Were the Nazis involved with the abortion pill RU-486 as claimed by an anti-abortion activist? No, that's not true: The French company that created the pill did so in the 1980s, but the activist made the connection by claiming the company is owned by a German company that created the poisonous gas that was used in Nazi death camps during World War II. The German company did purchase majority shareholder shares in the French company but not until 1997, long after the abortion pill was created.
The claim appeared in a post and video (archived here) on Instagram on January 29, 2024. The video starts with the caption THE NAZIS WERE INVOLVED WITH THE ABORTION PILL and a man saying:
The abortion pill RU-486, it comes from the Nazis.
This is what the post looked like on Instagram at the time of writing:
(Source: Instagram screenshot taken on Thurs Feb 1 16:12:4 2024 UTC)
The caption on the post read:
This isn't me using the word 'Nazi' as a buzzword, literally look at the history of the abortion pill and you can see how the Nazis just went from murdering Jews with their poison, to murdering babies.
The claim that the Nazis are responsible for the abortion pill is false.
Seth Gruber, an anti-abortion activist (archived here), claims in the video that there is a connection between the company that makes the abortion pill and the company that provided the poisonous gas to the Nazis for the "showers" that were actually gas chambers that killed Jewish people in the concentration camps during World War II. Gruber says:
RU4-86 stands for Roussel-Uclaf. Roussel R, Uclaf U. RU-486. Roussel-Uclaf, OK?
Roussel-Uclaf is a French pharmaceutical company that invented and created the abortion pill. ... Roussel-Uclaf has a majority shareholder named Hoechst AG. Hoechst AG was the co-founder of a group called IG Farben. ...
IG Farben was infamous for creating a cyanide gas known as Zyklon B. Zyklon B was the gas used to poison Jews in Nazi death showers.
Britannica defines RU-486 on their website (archived here):
RU-486, first trade name for mifepristone, a synthetic steroid drug prescribed for inducing abortion during the early weeks of pregnancy. The name is derived from an abbreviation for the pharmaceutical company Roussel-Uclaf plus a serial number.
RU-486 was developed by Émile Baulieu, a Jewish scientist who worked in biochemistry and neuroscience throughout his career, as the New Yorker reported in 2022 (archived here). The pill was approved for use in France in 1988, according to Britannica.
Roussel-Uclaf was acquired by Hoechst AG in 1997, according to Britannica (archived here), nine years after RU-486 was approved for use.
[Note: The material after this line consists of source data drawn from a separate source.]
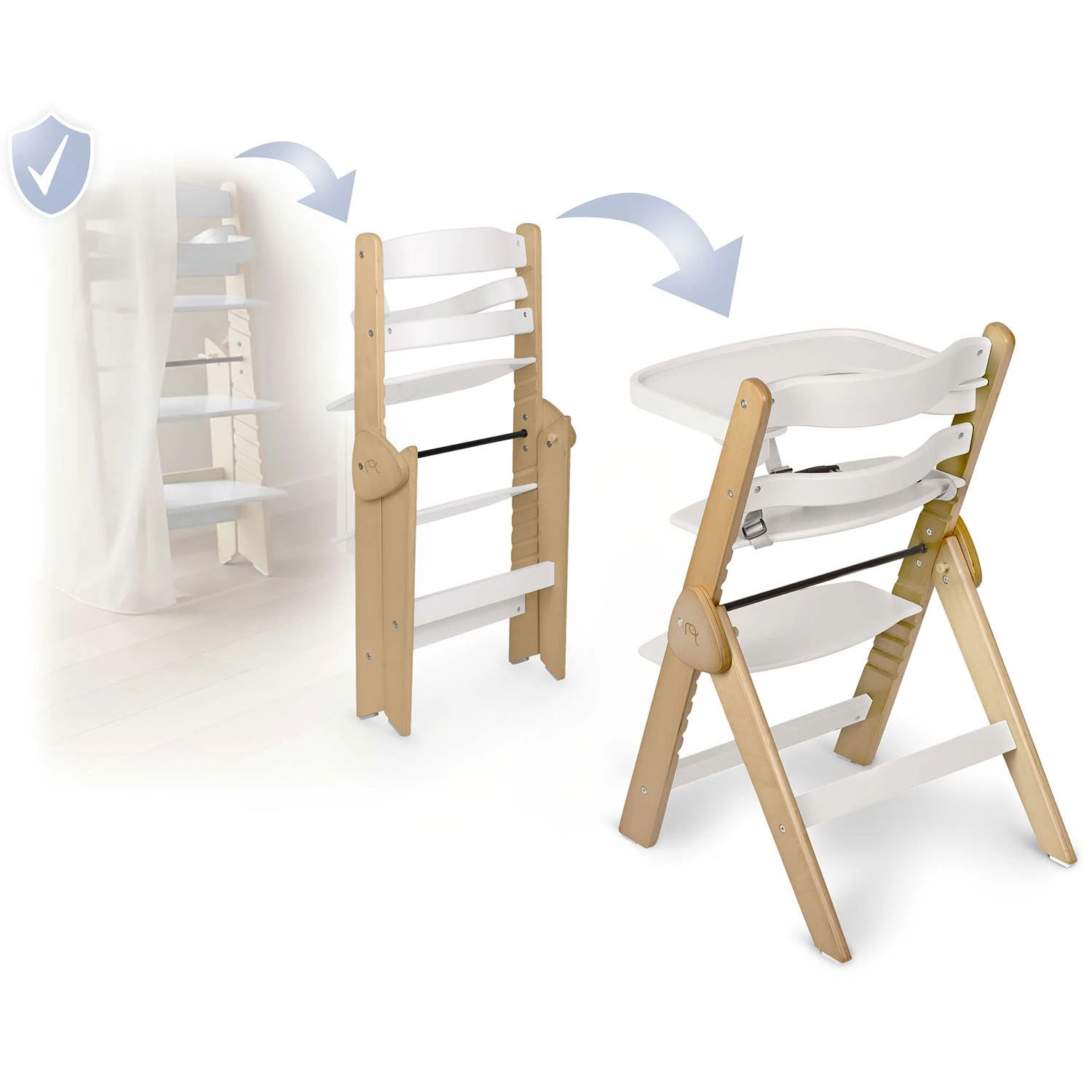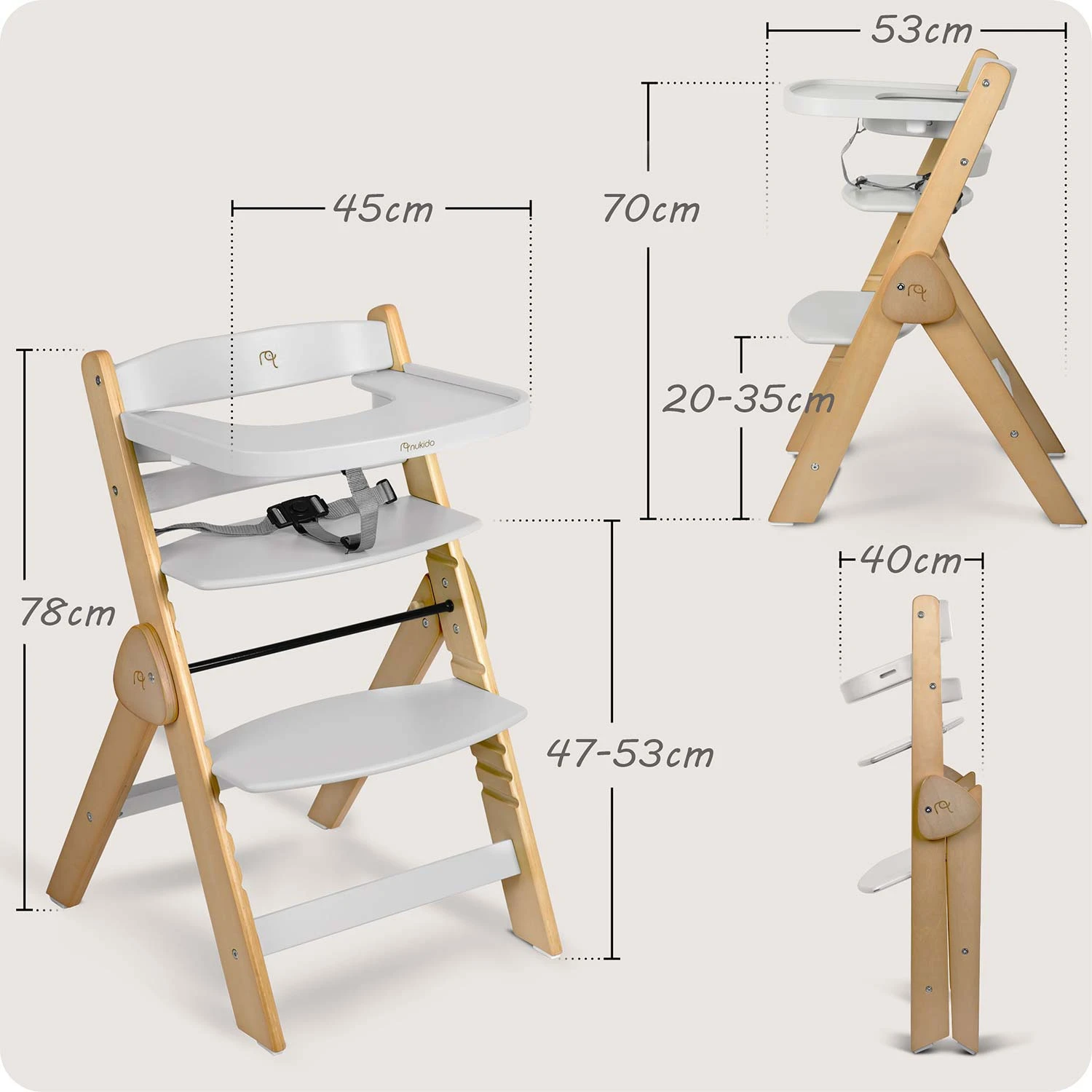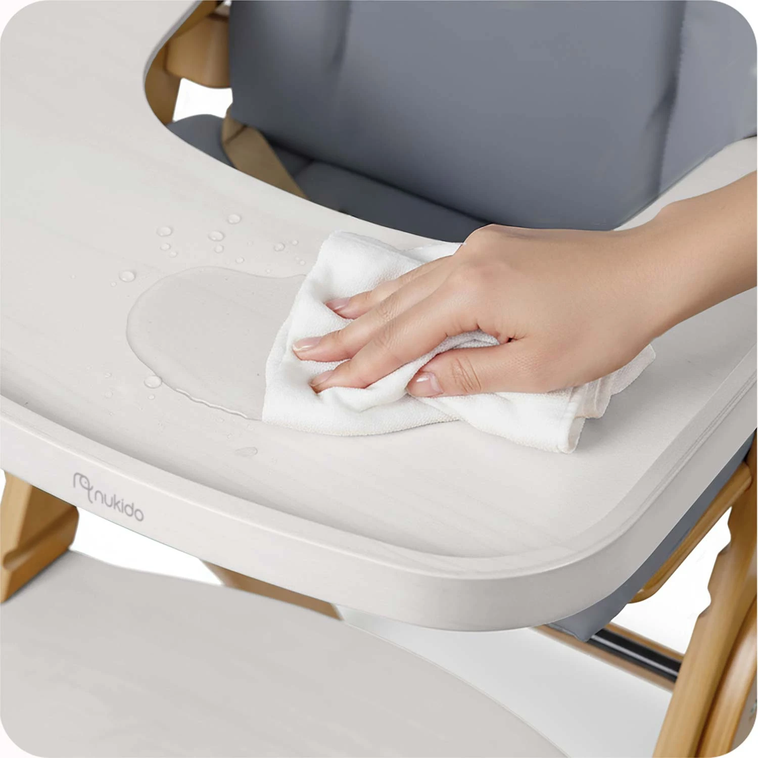 Zdejmowana tacka znacząco ułatwia utrzymanie czystości. Lakierowane drewno topolowe to gwarancja jakości. Zabezpieczone drewno nie pozwoli pochłonąć plam i krzesełko szybko wróci do perfekcyjnej czystości.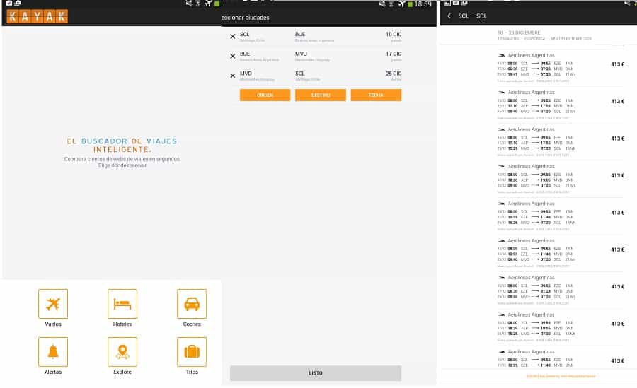 Kayak es un buscador de vuelos baratos que también sirve para encontrar hotel. Sin embargo, la he puesto en la lista porque tiene una particularidad: es el mejor sitio para encontrar vuelos combinados, o múltiples trayectos, a los mejores precios. Es decir, si quieres viajar a un lugar y desde allí volar a un segundo destino, muy recomendable para personas que quieran conocer más de un lugar en un mismo viaje. La aplicación funciona correctamente, es muy confiable y permite realizar los pagos con tarjeta de crédito de manera muy expedita.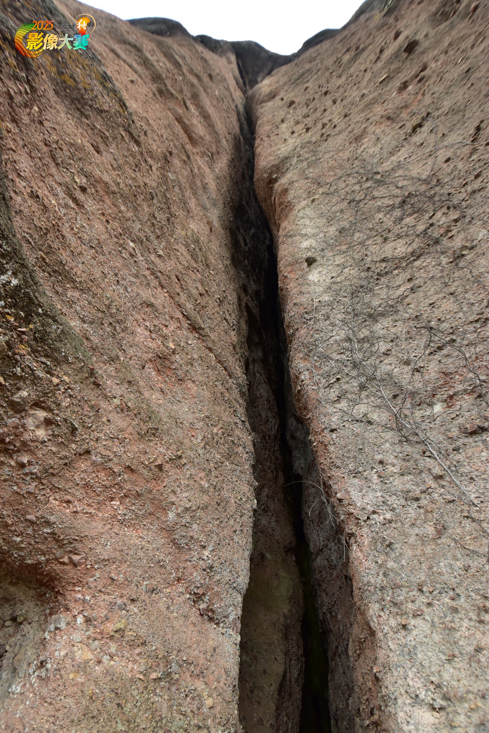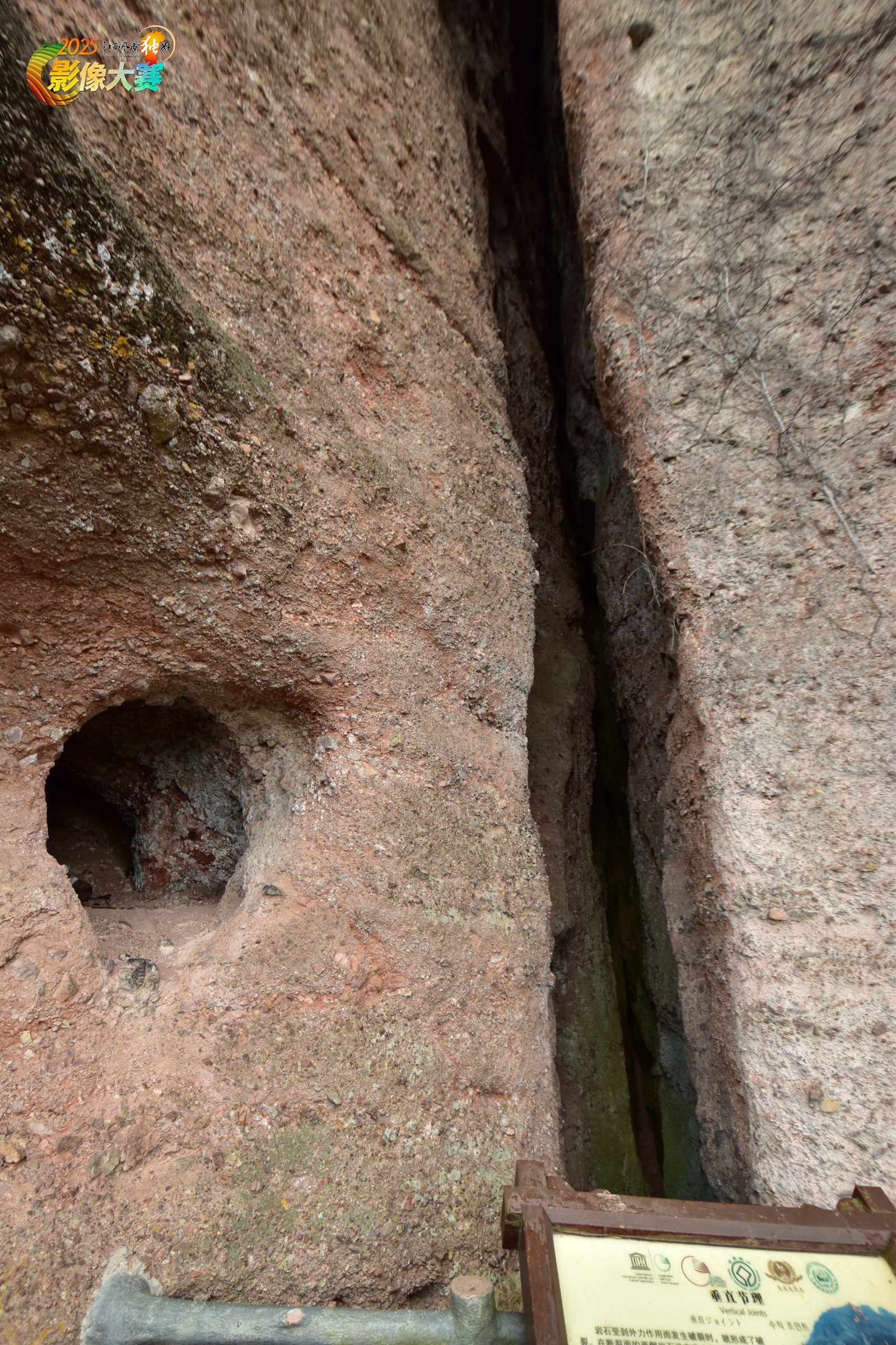 岩石受到外力作用而发生破裂时,就形成了破裂。在断裂面的两侧岩石没有发生相对位移时,称为节理。节理面与水平面相垂直者,又称垂直节理。沿着节理面,经流水冲刷侵蚀后会形成较大裂隙。龙虎山正是由于在原始山体中发育了大量不同方向的垂直节理、裂隙,才使得后期的流水冲刷、风化剥蚀和崩塌后退作用得以进行,从而形成了千姿百态的丹霞地貌景观。

The poison gas Zyklon B that was used in Nazi death camps during World War II was supplied by Degesch, an IG Farben subsidiary. Hoechst AG co-founded IG Farben, as Chem Europe reported (archived here).
Mifepristone is the drug used in RU-486 for medical abortions. In the United States, mifepristone was approved for use in 2000, as France 24 (archived here) reported in an article titled, "The long and winding history of the war on abortion drugs."
The American company that manufacturers mifepristone is Danco Laboratories, as Forbes (archived here) reported in a 2023 story about the Supreme Court case regarding the medication.